Understanding the influence of landscape connectivity on plant assemblages' structure is a central issue in landscape ecology. So far, empirical studies showed contradictory results, possibly due to (1) an inaccurate assessment of landscape connectivity prioritizing the effect of some habitat types among others, when landscape connectivity may be best estimated accounting for the different ecological continuity types independently and (2) the absence of consideration that plant dispersal vectors may be positively or negatively influenced by the different continuity types.

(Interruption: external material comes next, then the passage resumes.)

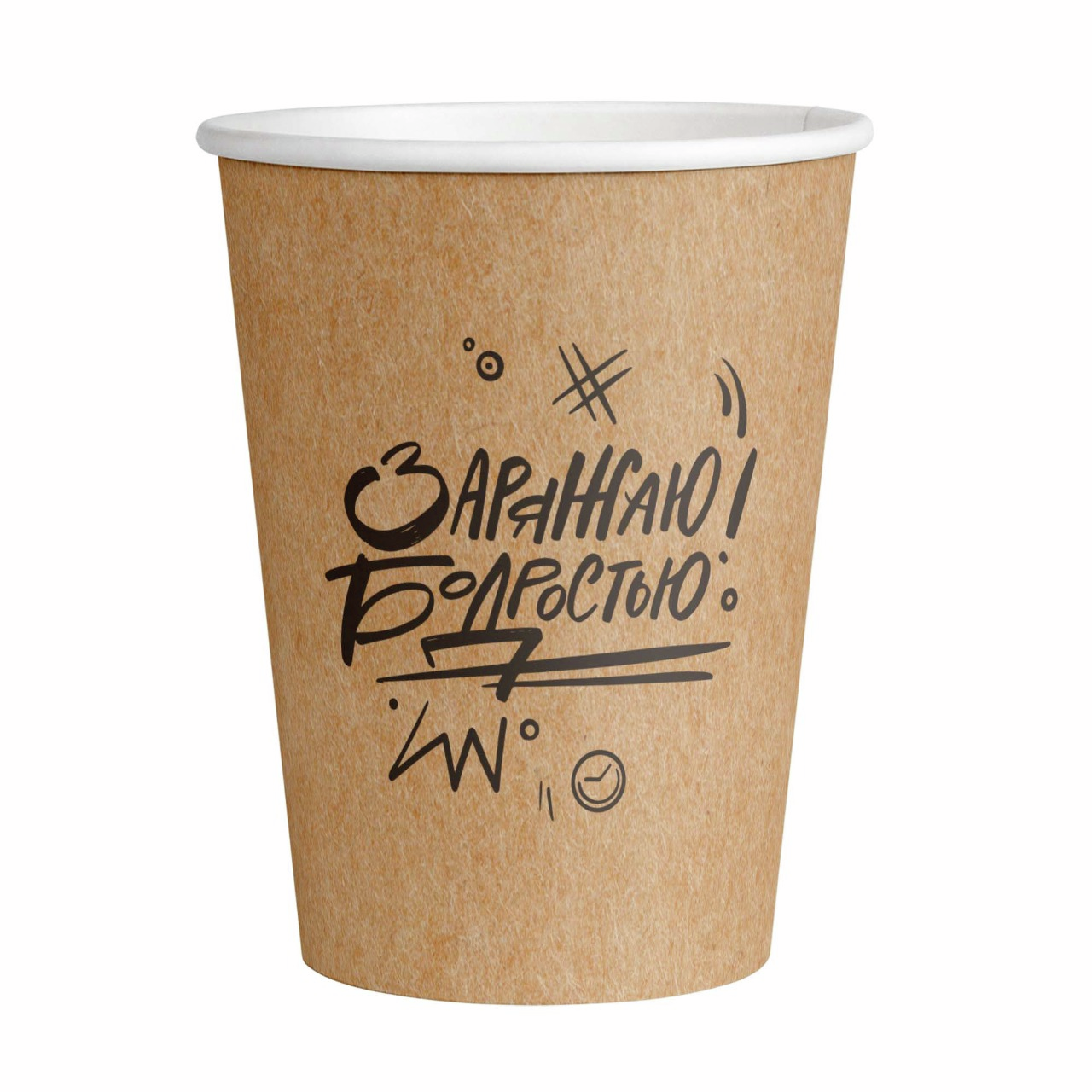 Стакан одноразовый Vip Заряжаю бодростью бумажный коричневый 300мл, 50шт

Here, we studied plant assemblages in agricultural landscapes comprising three main habitat types: woodlands, grasslands, and crops. Using 25 habitat patches per habitat type, we analysed the effect of connectivity on plant assemblages' similarity between pairs of patches for three dispersal modes (animal-dispersed, wind-dispersed and unassisted). Plant response was evaluated relatively to the random similarity expected based on the species pool. We measured connectivity using circuit theory, combining continuities provided independently by wooded, grassland and crop elements.

Plant assemblages' similarity in woodland and grasslands was better predicted by accounting for wooded, grassland and crop continuities together rather than by the continuities of the focal habitat alone. Assemblages' similarity was not related to connectivity in crops. In particular, connectivity provided by wooded continuities increased assemblage's similarity for both wooded and grassland assemblages. Responses were modulated though by dispersal mode. Animal dispersal in woodlands was promoted by wooded but disfavoured by crop continuities whereas in grasslands, it was promoted by crop and woodland ones. Wind-dispersal species was independent of connectivity. Dispersal of unassisted species was promoted by wooded continuities for grasslands.

Our study demonstrates that the simultaneous consideration of the different continuity types to assess connectivity improve our capacity to predict plant community assemblages. Specifically, some assembly rules related to plant dispersal were determined by the additive effects of the different ecological continuities.